Circle reportedly adjusts USDC reserves to avoid US default risk
Stablecoin issuer Circle has reportedly adjusted its reserves treasury in an effort to reduce the risks of United States debt defaults.
According to a May 10 Politico newsletter, Circle CEO Jeremy Allaire said that the firm has adjusted the mix of reserves backing its USD Coin (USDC) by switching to short-dated U.S. Treasuries to avoid getting caught up in a potential U.S. debt default.
He said that the firm no longer holds Treasuries maturing beyond early June because it wants to avoid debt exposure.
“We don’t want to carry exposure through a potential breach of the ability of the U.S. government to pay its debts.”
The Blackrock-managed Circle Reserve Fund shows that current holdings mature no later than May 31.
Earlier this week, Treasury Secretary Janet Yellen said the government will be forced into making “decisions” if Congress doesn’t raise the federal debt limit.
U.S. President Joe Biden and Republicans are conflicted over raising the $31.4 trillion borrowing limit. The $24 trillion Treasury market and global financial system would be rattled if the country defaulted on its debts.
Rival stablecoin issuer Tether claims a majority of its reserves are invested in Treasury Bills with an average maturity of fewer than 90 days.
The firm stated that it has been “working to take steps to reduce its reliance on pure bank deposits as a source of liquidity,” according to a May 10 quarterly assurance report.

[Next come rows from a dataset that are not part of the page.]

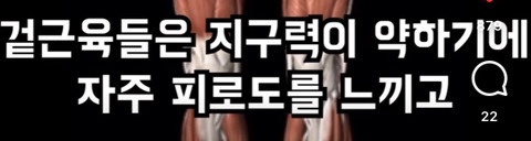 겉근육의 기능 : 주로 큰 힘 발휘, 무게 들기 (근력 > 지구력)
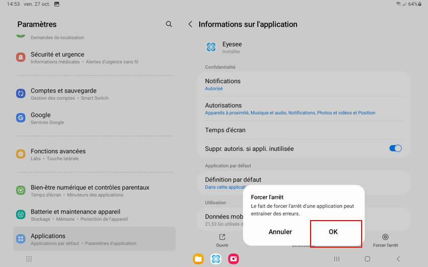 EYESEE App dysfonctionne : faire un arrêt forcé
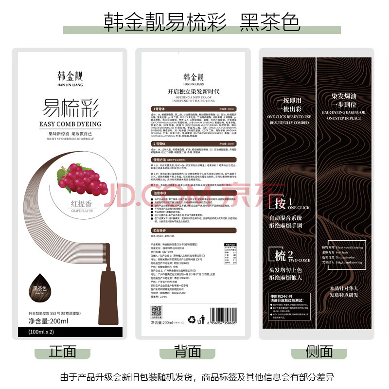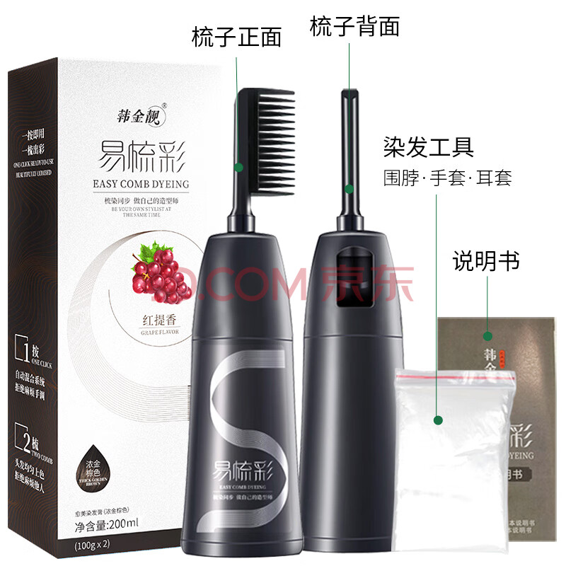 商品相册:韩金靓 易梳彩染发剂纯植物京东自营盖白头发黑茶色200ml男女2025流行色第
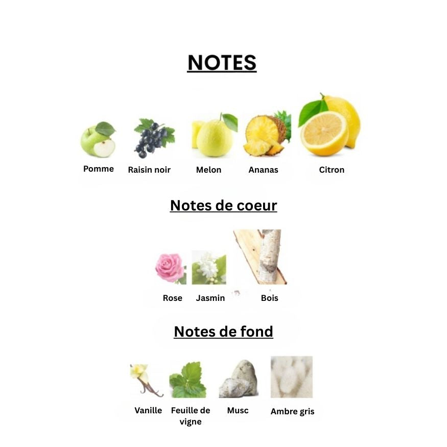 Notes de tête : Bergamote 🍋, citron 🍊, pomme 🍏
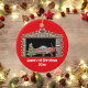 Design features a cute Red Airplane inside a hangar next to a pretty Christmas tree. At the bottom of image lies the text '[Name] 1st Christmas' and year. Customize this ornament with your specific details. This would be perfect for that little boy aviator for their first Christmas!
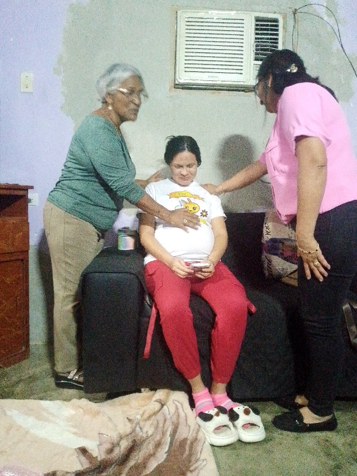Three women are in an indoor setting. One woman sits on a dark couch, wearing red pants, a white t-shirt, and dog-themed slippers, looking at a device in her hands. An older woman with gray hair stands to her left, wearing tan pants and a green sweater. To the sitting woman's right stands another woman in black pants and a pink shirt. Both standing women have their hands on the seated woman. Above them is an air conditioning unit. A wooden dresser is visible on the left, and a patterned blanket lies on the floor.
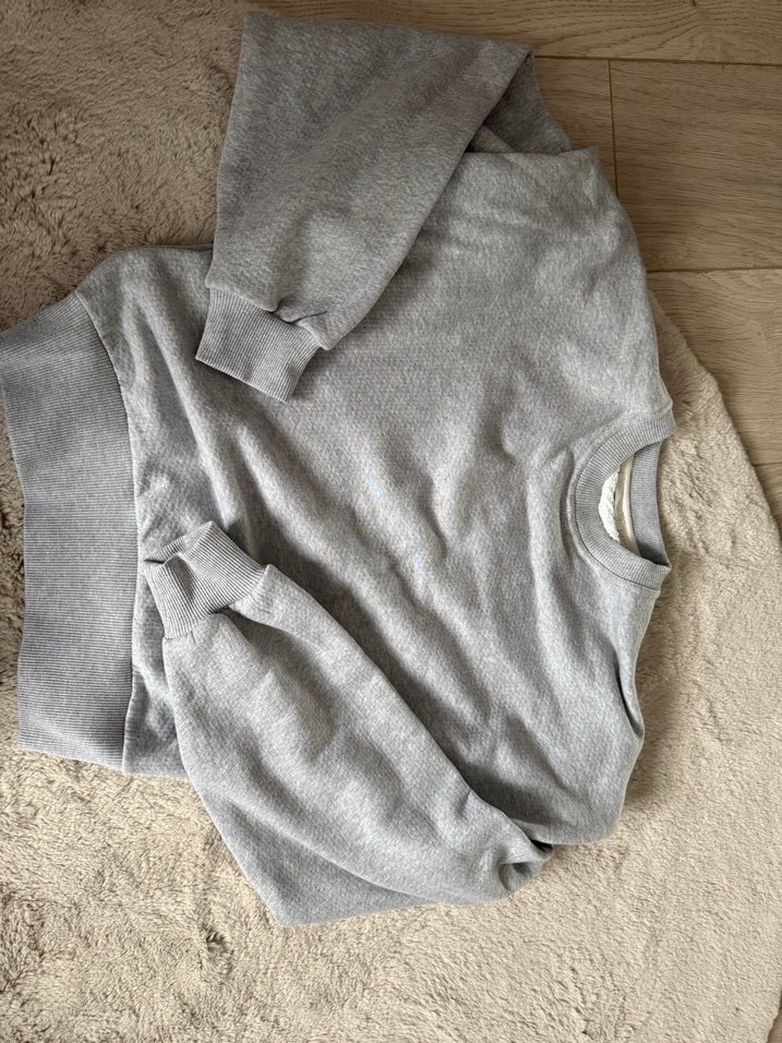 Gri renkte, yüksek yakalı ve uzun kollu, bol kesim kadın sweatshirt. Minimalist ve desen içermeyen tasarımıyla günlük kullanıma uygundur.
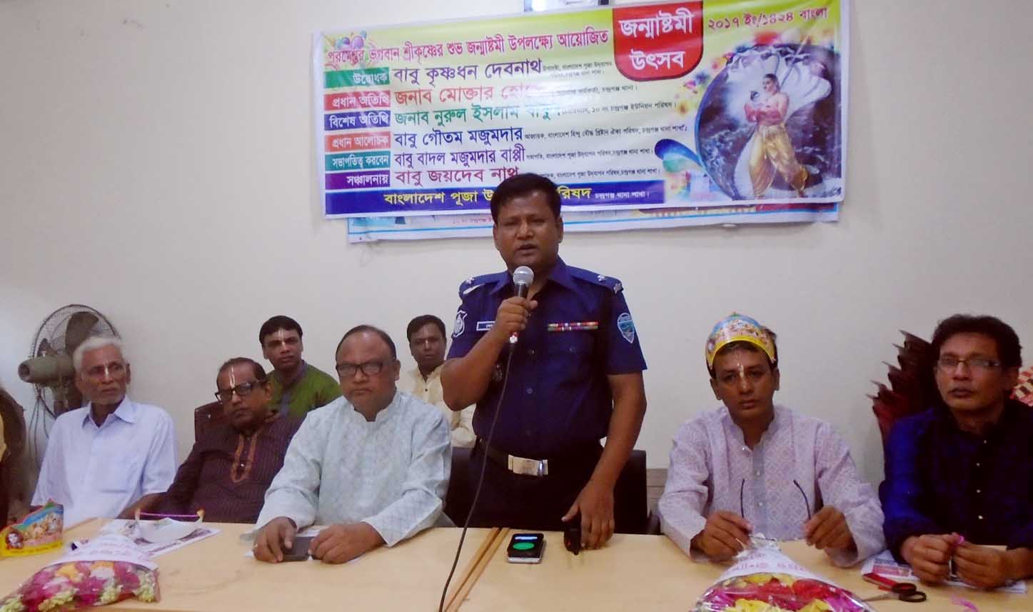 চন্দ্রগঞ্জ থানা পূজা উদযাপন পরিষদের সভাপতি বাদল মজুমদার বাপ্পীর সভাপতিত্বে এতে প্রধান অতিথি ছিলেন, চন্দ্রগঞ্জ থানার ভারপ্রাপ্ত কর্মকর্তা (ওসি) মো. মোক্তার হোসেন।

Related: Concern over banking crisis reaches levels unseen since 2008 — Poll
USDC supply has been shrinking over the past year, falling by 46% since its all-time high of $56 billion in June 2022. This has caused its market share to fall to 23% with a circulation of $30 billion. The beneficiary has been rival Tether, whose market dominance has increased to 62% with a circulation of $82 billion USDT (USDT).
In April, Allaire blamed America’s war on crypto and the banking crisis for USDC’s dwindling market capitalization.
Cointelegraph reached out to Circle for further details but had yet to hear back at the time of publication.